The Mali-G76 increases the number of lanes in each execution unit to eight, up from four with the Mali-G72. In a single Mali-G76 core there are now 24 execution lanes, up from 12 in the G72. This doubles the compute capability of a single core, resulting in a reasonably small 28 percent increase in area size. G76 cores will be slightly larger than previous G72 and G71 cores, but they are more powerful, so we can certainly expect the graphics core count to fall in upcoming smartphone SoCs compared with the current generation.
The maximum number of cores when using a Mali-G76 also now caps out at 20. That’s a decrease from the maximum of 32 cores with the G72, though we never really saw smartphone designs venture further than the high teens anyway. Despite the lower core count, the maximum number of execution lanes in the largest configurations increases. A 20-core Mali-G76 offers 480 execution lanes versus just 384 lanes in a 32 core Mali-G72 setup. Therefore peak performance in the biggest configuration can be increased by up to 25 percent.

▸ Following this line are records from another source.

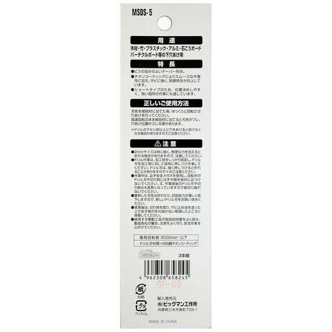 ビッグマン #065824 下穴テーパードリル短 3本組 MSDS5
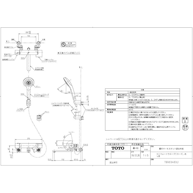最低必要水圧0.05MPa(流動時)/最高水圧0.75MPa(静止時)※快適な使用には0.2MPa程度の圧力を推奨
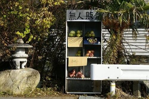 田舎道を走ると所々に「無人売店」が目立つ。 農家の方でしょう。収穫された野菜や果実を並べて販売しているが、 もちろん誰もいない露天店。お金は箱の中に自発的に入れる。 お賽銭箱みたいだ。 中にはタダで持っていく人もいるかも知れないが、 それでも店…
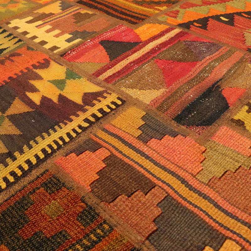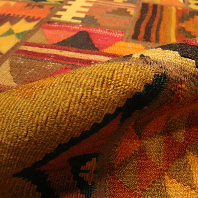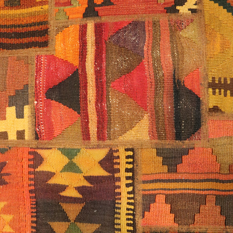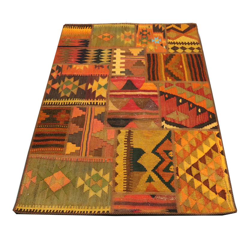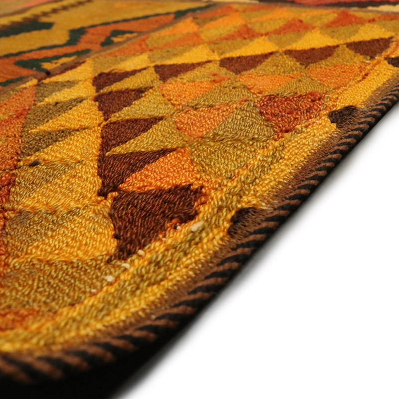 گلیم دستبافت کلاژ (110×158) سانتیمتر با رنگ زمینه و حاشیه الوان و مساحت 1.73 مترمربع و ضخامت 1 میلیمتر با طرح کلی قاب قابی است.
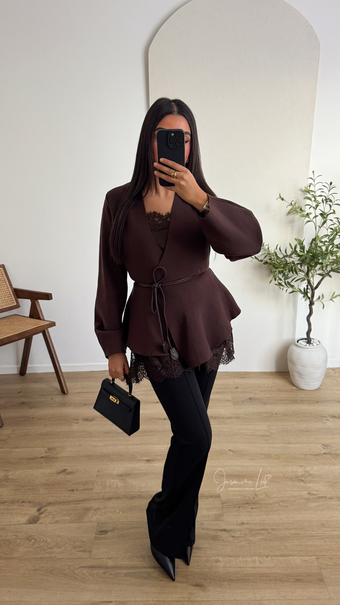 - Gilet maille coupe ajustée, ceinture cordon similicuir
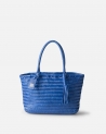 Shopper de pell vacuna trenada. Tancament amb cremallera. Butxaques internes. Folre de cotó.
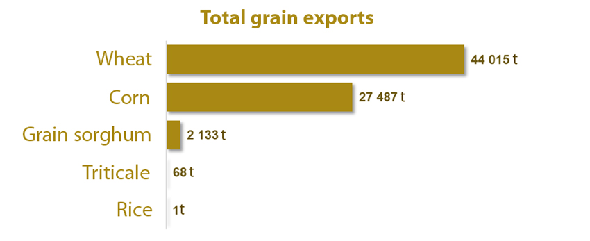 It is noteworthy that in the overall structure of January exports, the physical and value shares of grain group goods practically coincided: wheat – 60%, corn – 37%, sorghum – 3%.
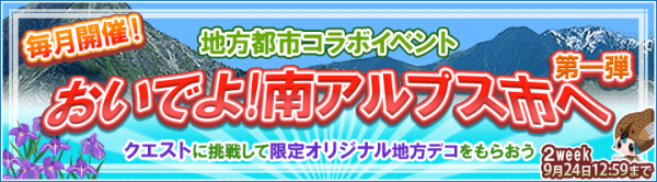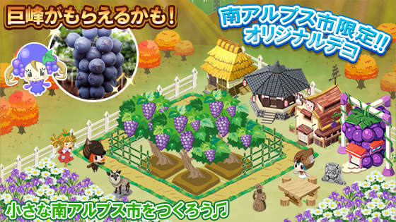 本イベントでは、同市にまつわるクエストのクリア報酬として同市オリジナルのデコレーションアイテムを配布いたします。また、ゲーム内で特定作物を育てると、抽選で同市特産巨峰を南アルプス市より抽選で30名様にプレゼント。提携イベントは2015年2月まで、プレゼントはその時の旬のものに変えて毎月開催いたします。
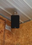 I used a few "leftovers/truck-stock" camera swivel mounts and mounted my Boston HD-5's to the ceiling (I'll run proper wiring later, when I do the walls), and we made a serious sort & toss-donate session before bringing stuff back to the attic. Goodwill got a lot of stuff.
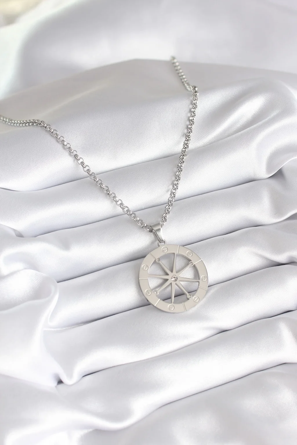 316L Çelik Gümüş Renk Zirkon Taşlı Rüya Kapanı Model İşeme Detay Kadın Kolye
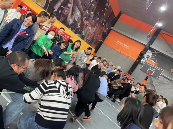 本次趣味運動會共設置了團隊跳繩接力、團隊跳大繩、接力賽、拔河、眾志成城等趣味比賽項目,事業(yè)部總經(jīng)理楊虎及副總經(jīng)理孫東帶領職工分為四個隊伍進行比賽。
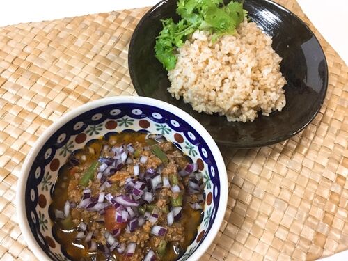 ひき肉と野菜で作るカレー、キーマカレーです。 カレー粉は使わずに、スパイスだけで作りました。 ニンニク、生姜、シナモンスティック、カルダモン、カイエンペッパー、コリアンダーパウダー、クミンパウダー… 工程は多いですが、煮込み時間は短いので早く…

The second major benefit of increasing the number of lanes in each execution engine is a relative decrease in power consumption — each core is more power efficient for the same workload than a previous generation core. This is because the power draw of the other GPU components remains mostly constant when scaling up the number of execution lanes.
Arm’s graphic above demonstrates that although the relative energy cost of the arithmetic datapath and register files remains the same, there are major efficiency savings made in the data path control, cache, and quad control parts of the GPU. This allows the G76 to boast a 30 percent improvement in energy efficiency compared to the G72 on the same process node.
These execution lanes also now support INT8 dot product math support via a new instruction. Each lane supports four multiply-accumulate operations per cycle to greatly improve the throughput. We’ve already seen this implementation in the mid-range Mali-G52. Arm says this can improve the efficiency of machine learning applications using INT8 dot product by around 270 percent compared to the previous generation.
Balancing the design
Along with the increase in compute power per core, the Mali-G72 boasts a number of other improvements to ensure the change in design doesn’t produce any unwanted bottlenecks.
There’s a new dual texture mapper, which as the name suggests handles texture sampling, resizing, and placement onto 3D models. It’s capable of two texels per cycle, doubling the rendering throughput over the G72. The Quad manager has been optimized to keep the eight lane execution engines and the dual texture mapping parts of the GPU well fed with data.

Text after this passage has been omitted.